━━━━━ INPUT RECORDS

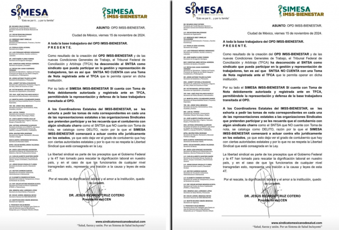 Dinamita pura a las estratagemas inventadas por Cotero y sus escasos seguidores, en el sentido de que solo ellos tenían la representación legal para negociar con el IMSS-Bienestar. En noviembre pasado el líder de SIMESA se atrevió a amenazar en sus comunicados de chisguete que procedería jurídicamente contra el Sindicato de Salud, por carecer de reconocimiento y toma de nota, cuando es una de las organizaciones gremiales con 80 años de antigüedad y el tercer sindicato más numeroso del país, solo abajo del SNTE y el Sindicato del Seguro Sociales (SNTSS).
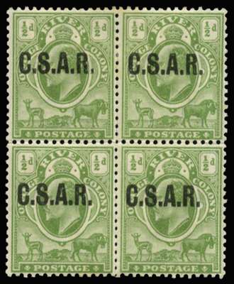 Railway Official. 1905 ½d yellow-green, opt "CSAR" (type RO1) towards top, block of 4, large part o.g. Slight creasing and a few lightly toned perfs, still fine appearance. A rare multiple. (cat £400) [N.B. the opt is placed at the top or bottom of the stamp depending on whether the central horizontal gutter margin was left attached to the top or bottom of the sheet prior to overprinting.]
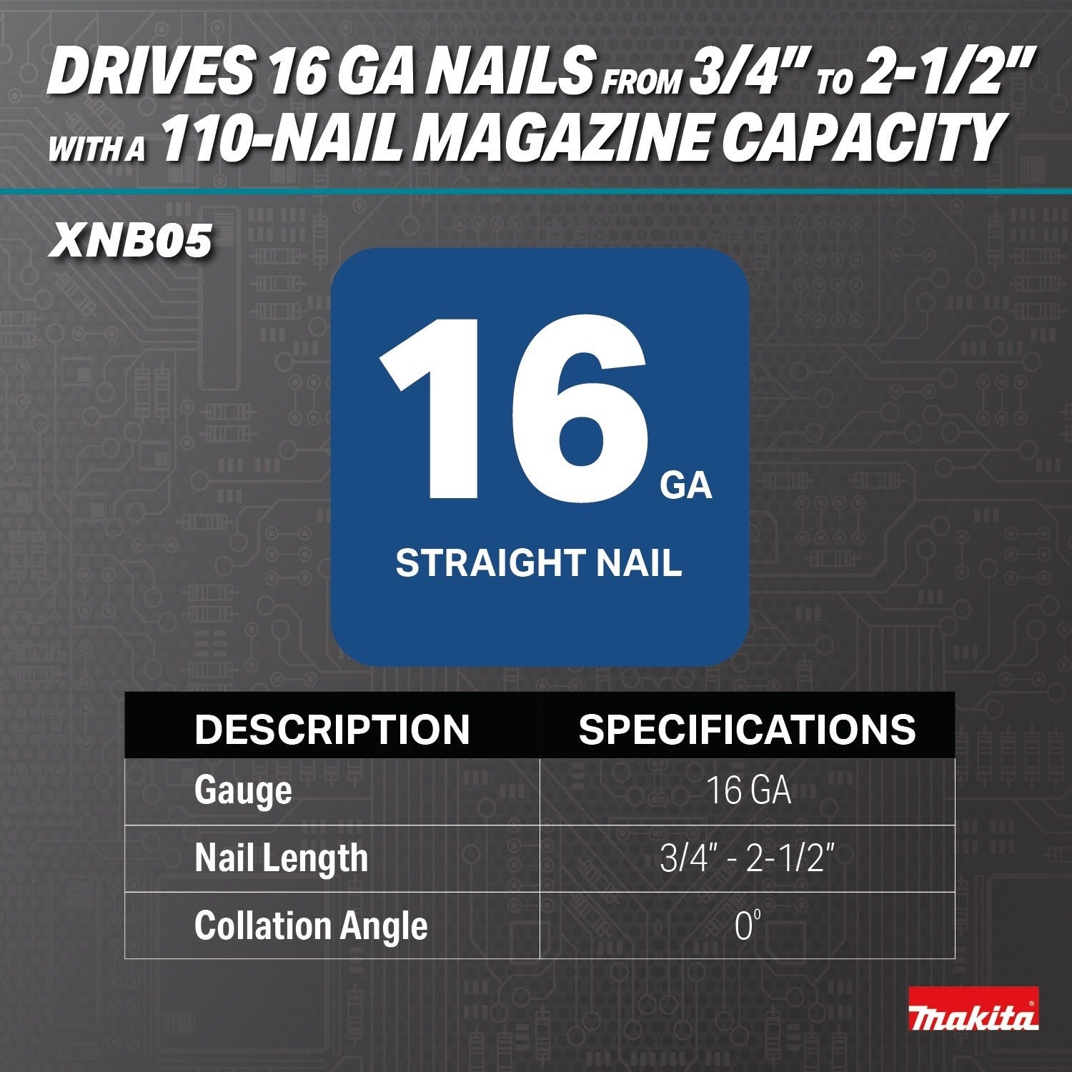 Makita XNB05Z 18V LXT Brushless Cordless 2-1/2" 16 Gauge Straight Finish Nailer, Tool Only
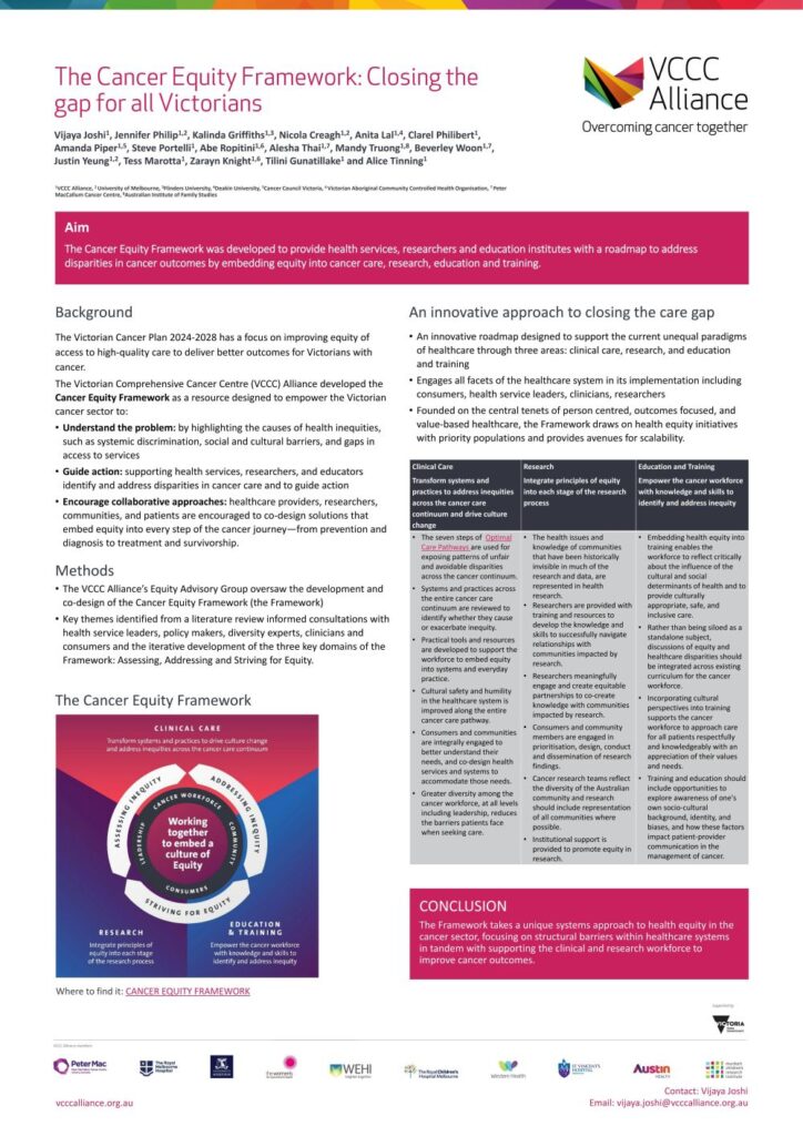 Authors: Vijaya Joshi Australia has made great progress in cancer care through early detection, public health initiatives, and better access to high-quality treatment. Despite having some of the best cancer outcomes worldwide, inequalities still exist in Victoria’s cancer sector. A lack of quality data on priority populations makes it difficult to fully understand and address […]
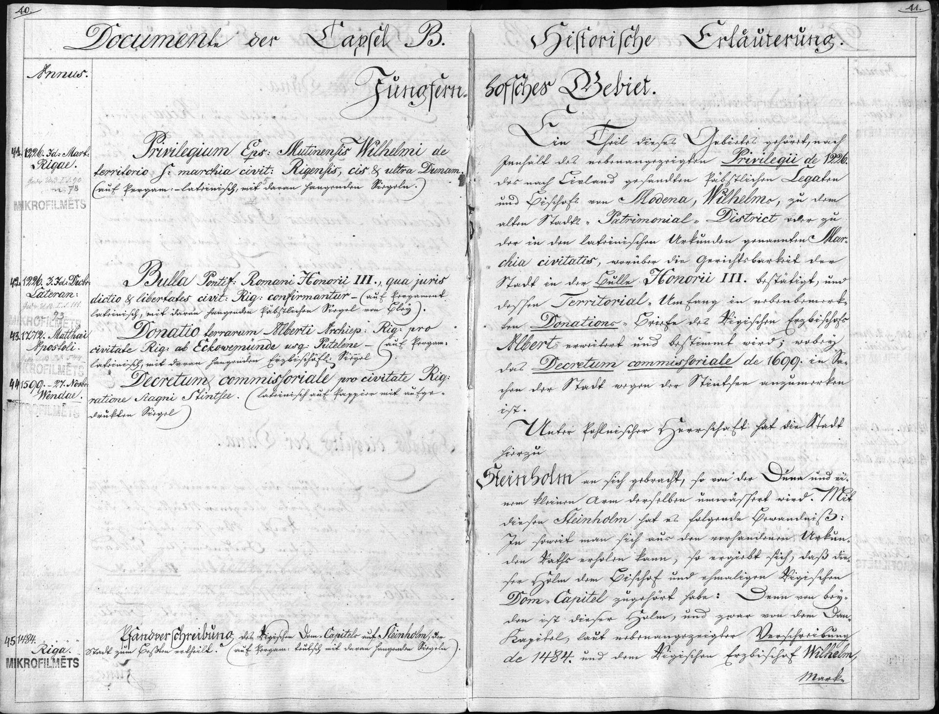 Augot interesei par vēsturi un ritot darbam pie Baltijas provinču tiesību kodifikācijas 19. gs. 30. un 40. gados, sekoja rātes arhīva dokumentu izpēte un kārtošana. Arhīva vērtīgāko daļu, tā saucamo ārējo arhīvu, pārvietoja no rātes kancelejas telpām uz rātes sēžu zāli, tomēr aizvien skaidrāk bija jūtama nepieciešamība pēc moderna pilsētas arhīva izveides.

━━━━━━━━━━

Quote exactly, and nothing besides, the lines from the one with "Authors: Vijaya Joshi" through the end of the records above; include both ends and omit the pictures.

- [WRITTEN SOLUTION]
 Authors: Vijaya Joshi Australia has made great progress in cancer care through early detection, public health initiatives, and better access to high-quality treatment. Despite having some of the best cancer outcomes worldwide, inequalities still exist in Victoria’s cancer sector. A lack of quality data on priority populations makes it difficult to fully understand and address […]
 Augot interesei par vēsturi un ritot darbam pie Baltijas provinču tiesību kodifikācijas 19. gs. 30. un 40. gados, sekoja rātes arhīva dokumentu izpēte un kārtošana. Arhīva vērtīgāko daļu, tā saucamo ārējo arhīvu, pārvietoja no rātes kancelejas telpām uz rātes sēžu zāli, tomēr aizvien skaidrāk bija jūtama nepieciešamība pēc moderna pilsētas arhīva izveides.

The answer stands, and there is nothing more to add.